EXERCISE BRIEF
The copy you produce must hold every record exactly, and none of the images.

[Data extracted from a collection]
◇ ◇ ◇ ◇ ◇

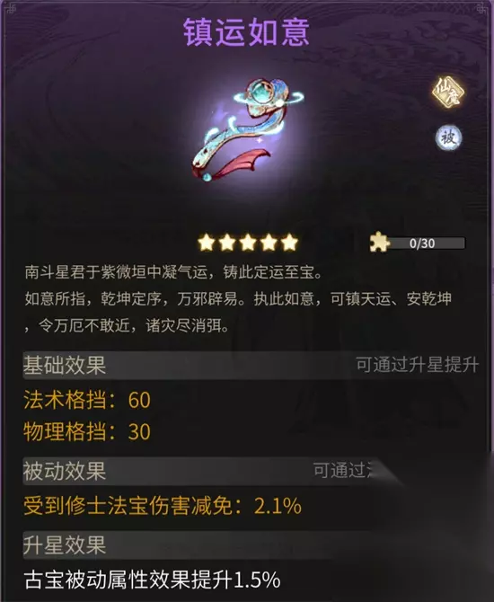 南斗星君为当代北极星宫二十八宿执掌人。他初入星宫之时违背天道推演世间大势,而后遭天谴,三千青丝尽成雪,幸得九星元祖将其救走。后来沉姜被贬,毕月乌叛逃,他临危受命执掌星宿,行事运筹帷幄,令众仙折服。 南斗星君凝紫薇垣气运铸成此宝,如意所指,可定乾坤、避万邪。携此宝可庇佑自身,减免受到的法宝伤害。 3.毕月乌
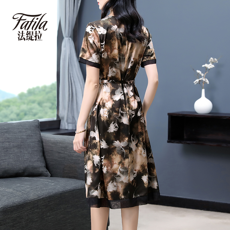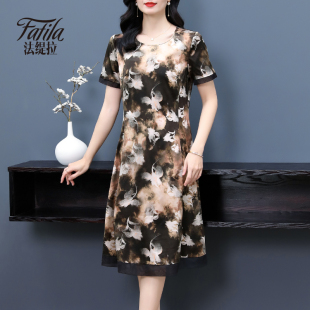 裙子05465469 抗皱保型圆领收腰短袖 佐丹奴假两件连衣裙女夏季 新款
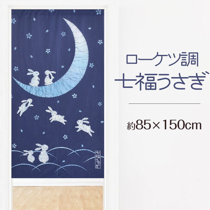 - 和柄のれん85x150cmローケツ調七福うさぎブルー-niil
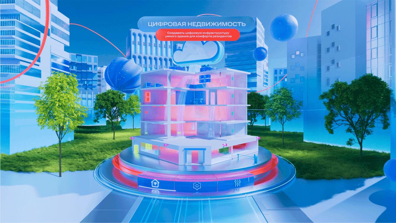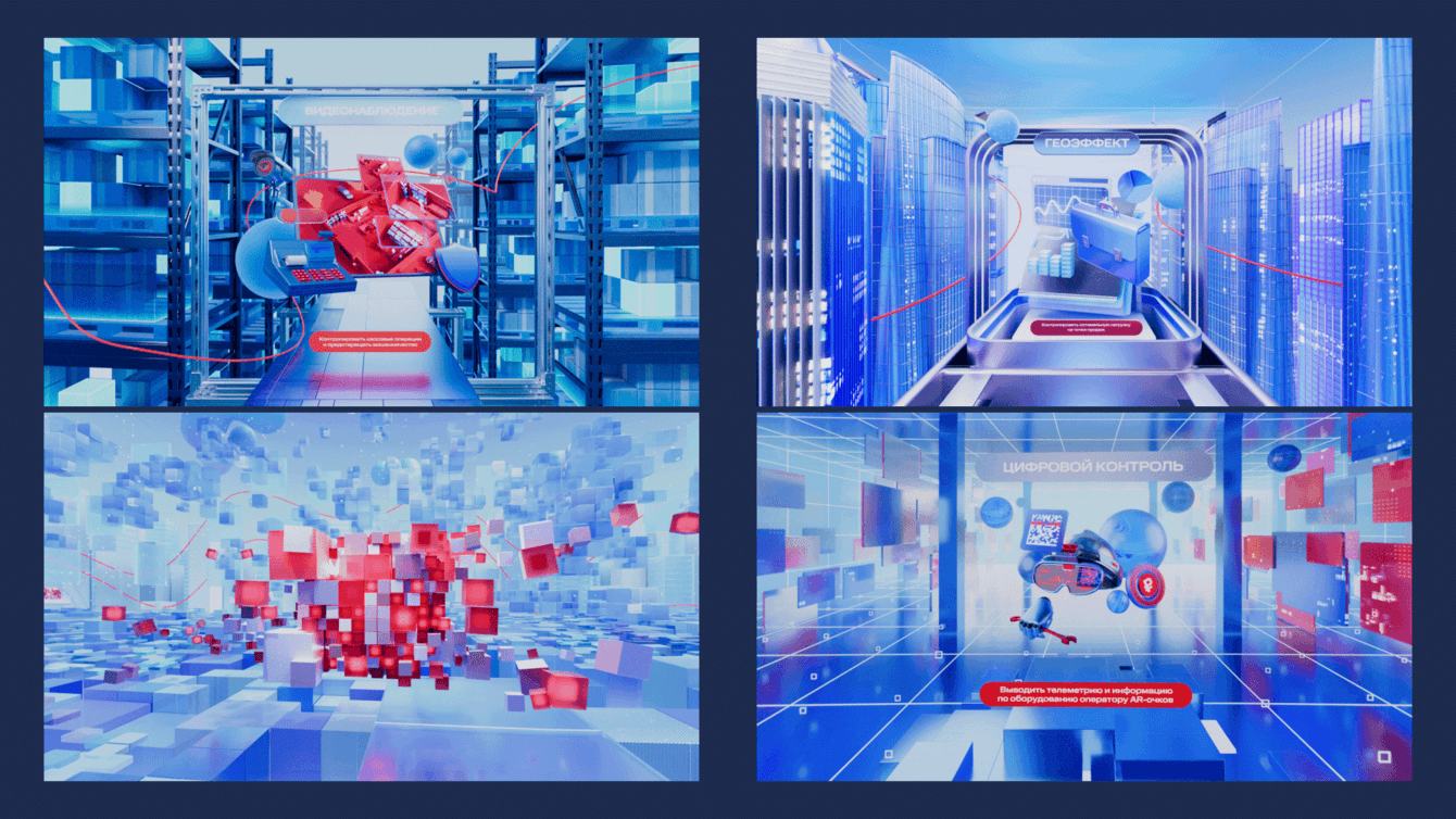 “По каждому продукту мы определили задачи, которые он решает и выстраивали ключевой образ через их визуализацию. Например, чтобы показать услугу “Геоэффект”, мы нарисовали зрелищную сцену пролета над городом, в конце которой демонстрировался образ продукта. Главный образ располагался на центральном экране перед пользователем, а на боковых стенах комнаты отображалось его уникальное окружение. Каждый из миров – это абстрактное пространство, тематически связанное с продуктом. В центре этого пространства мы более детально раскрывали суть продукта” – рассказывает Артем Бабаев, Арт-директор студии Akademia.
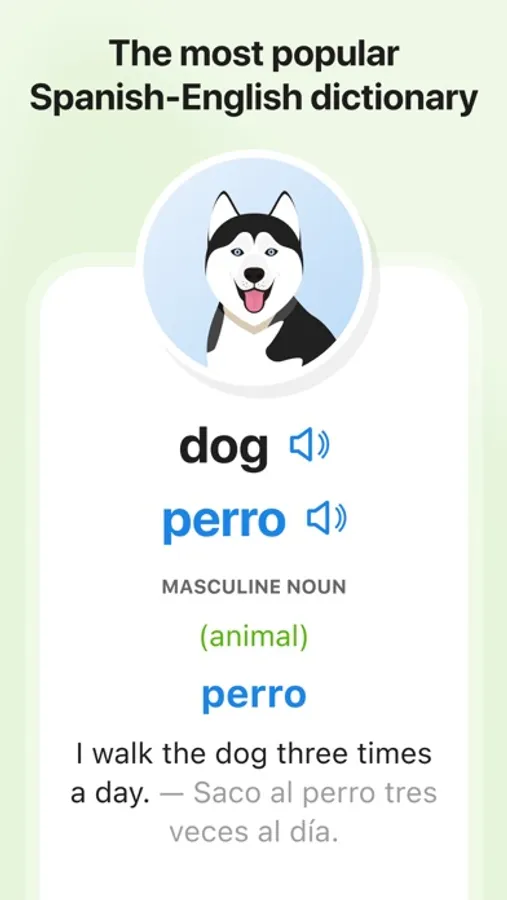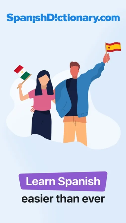 Learn Spanish online or offline for free with SpanishDictionary.com, the leading Spanish-learning app trusted by millions. Translate anything between Spanish and English, look up the conjugations for every Spanish verb, and practice with our interactive quizzes, lessons, and drills. Watch thousands of pronunciation videos, browse millions of example sentences, and learn a new word each day with the Word of the Day.
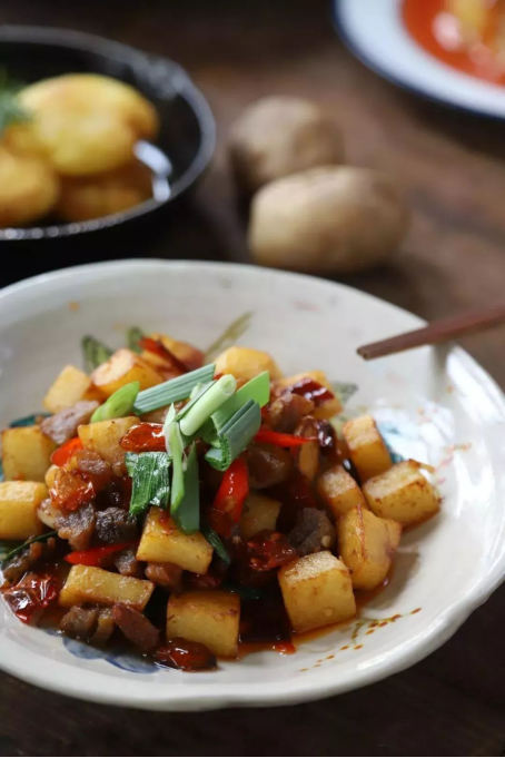 對于土家族人來說,吃土豆的法子可太多啦,炸、炒、煮、蒸、炕、燒皆是美味。有時早餐便更干脆,直接把洋芋洗凈清水煮熟,剝了皮便吃,這就是土家人常說的毛洋芋。
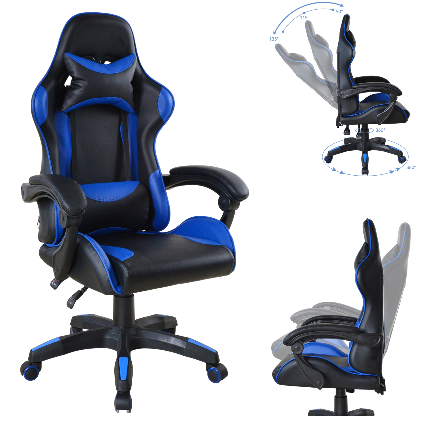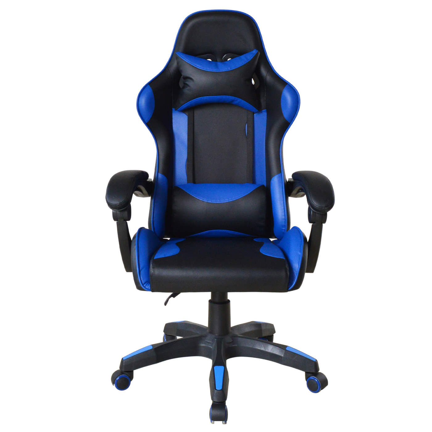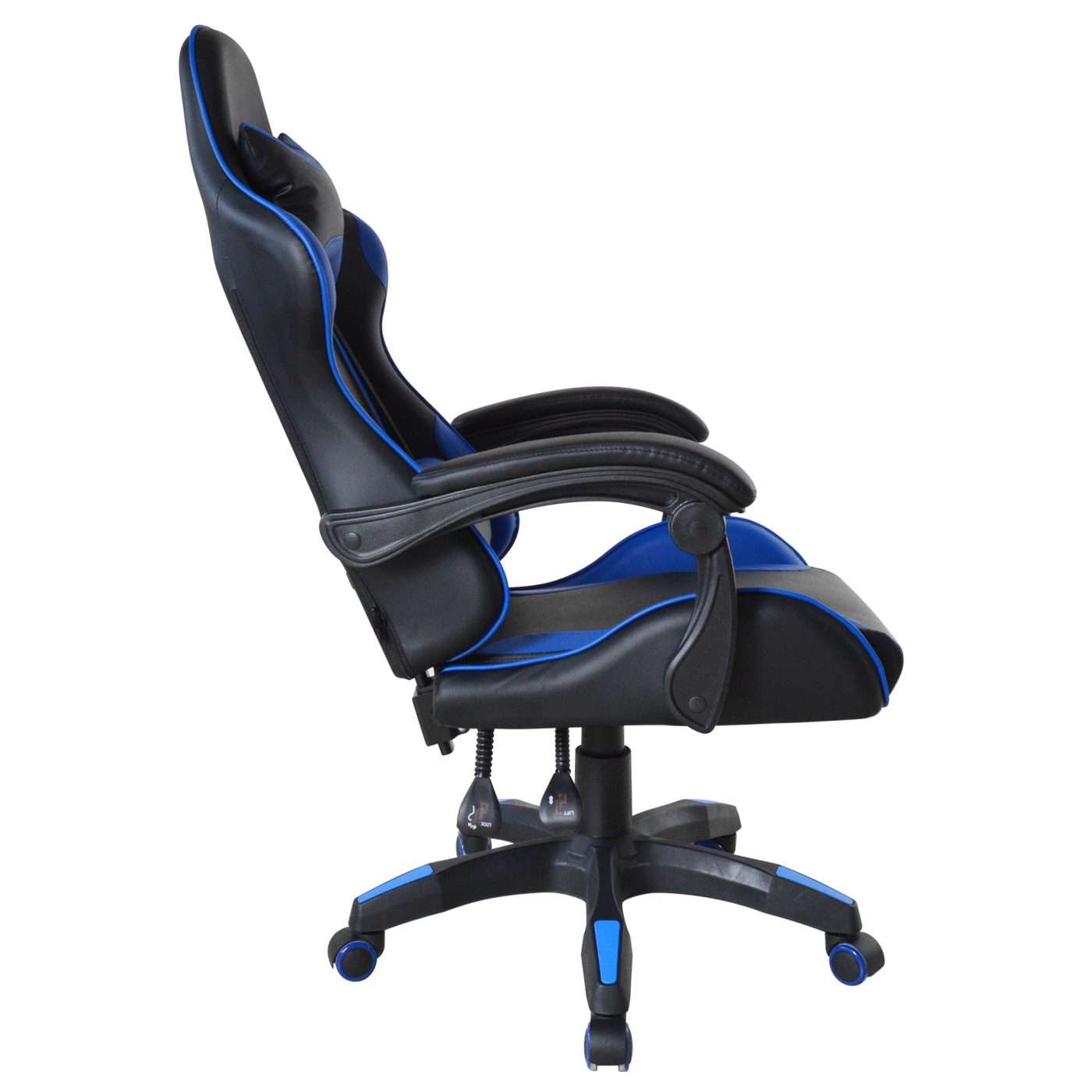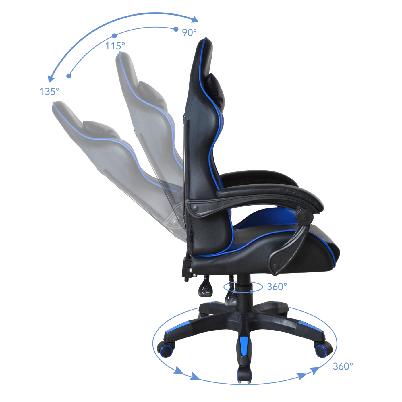 Ergonomischer blau-schwarzer Gaming-Stuhl mit verstellbarer Sitztiefe und neigbarer Rückenlehne

◇ ◇ ◇ ◇ ◇

ANSWER FOR THE TASK
 南斗星君为当代北极星宫二十八宿执掌人。他初入星宫之时违背天道推演世间大势,而后遭天谴,三千青丝尽成雪,幸得九星元祖将其救走。后来沉姜被贬,毕月乌叛逃,他临危受命执掌星宿,行事运筹帷幄,令众仙折服。 南斗星君凝紫薇垣气运铸成此宝,如意所指,可定乾坤、避万邪。携此宝可庇佑自身,减免受到的法宝伤害。 3.毕月乌
 裙子05465469 抗皱保型圆领收腰短袖 佐丹奴假两件连衣裙女夏季 新款
 - 和柄のれん85x150cmローケツ調七福うさぎブルー-niil
 “По каждому продукту мы определили задачи, которые он решает и выстраивали ключевой образ через их визуализацию. Например, чтобы показать услугу “Геоэффект”, мы нарисовали зрелищную сцену пролета над городом, в конце которой демонстрировался образ продукта. Главный образ располагался на центральном экране перед пользователем, а на боковых стенах комнаты отображалось его уникальное окружение. Каждый из миров – это абстрактное пространство, тематически связанное с продуктом. В центре этого пространства мы более детально раскрывали суть продукта” – рассказывает Артем Бабаев, Арт-директор студии Akademia.
 Learn Spanish online or offline for free with SpanishDictionary.com, the leading Spanish-learning app trusted by millions. Translate anything between Spanish and English, look up the conjugations for every Spanish verb, and practice with our interactive quizzes, lessons, and drills. Watch thousands of pronunciation videos, browse millions of example sentences, and learn a new word each day with the Word of the Day.
 對于土家族人來說,吃土豆的法子可太多啦,炸、炒、煮、蒸、炕、燒皆是美味。有時早餐便更干脆,直接把洋芋洗凈清水煮熟,剝了皮便吃,這就是土家人常說的毛洋芋。
 Ergonomischer blau-schwarzer Gaming-Stuhl mit verstellbarer Sitztiefe und neigbarer Rückenlehne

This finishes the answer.